Threat Modeling—How to Visualize Attacks on IOTA?

Internet of Things (IoT) has been deployed in a vast number of smart applications with the aim to bring ease and comfort into our lives. However, with the expansion of IoT applications, the number of security and privacy breaches has also increased, which brings into question the resilience of existing security and trust mechanisms. Furthermore, the contemporaneous centralized technology is posing significant challenges viz scalability, transparency and efficiency to wide range of IoT applications such as smart logistics, where millions of IoT devices need to be connected simultaneously.
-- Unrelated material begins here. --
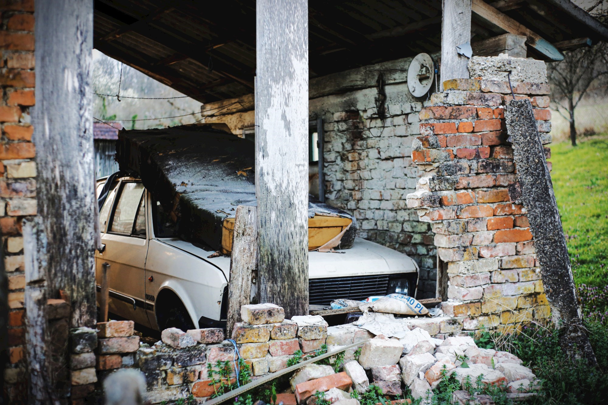 Gledamo kuću uništena krova. Cigle su popadale pa se jasno u potkrovlju vide ormari, kutije i registratori. Čini se kao da je tu bilo spremište kakve tvrtke. U prizemlju je parkiran Yugo. Na njega je palo nešto nalik na madrac.

Alternatively, IOTA is a distributed ledger technology that offers resilient security and trust mechanisms and a decentralized architecture to overcome IoT impediments. IOTA has already been implemented in many applications and has clearly demonstrated its significance in real-world applications. Like any other technology, IOTA unfortunately also encounters security vulnerabilities. The purpose of this study is to explore and highlight security vulnerabilities of IOTA and simultaneously demonstrate the value of threat modeling in evaluating security vulnerabilities of distributed ledger technology. IOTA vulnerabilities are scrutinized in terms of feasibility and impact and we have also presented prevention techniques where applicable. To identify IOTA vulnerabilities, we have examined existing literature and online blogs. Literature available on this topic is very limited so far. As far as we know IOTA has barely been addressed in the traditional journals, conferences and books. In total we have identified six vulnerabilities. We used Common Vulnerability Scoring System (CVSS v3.0) to further categorize these vulnerabilities on the basis of their feasibility and impact.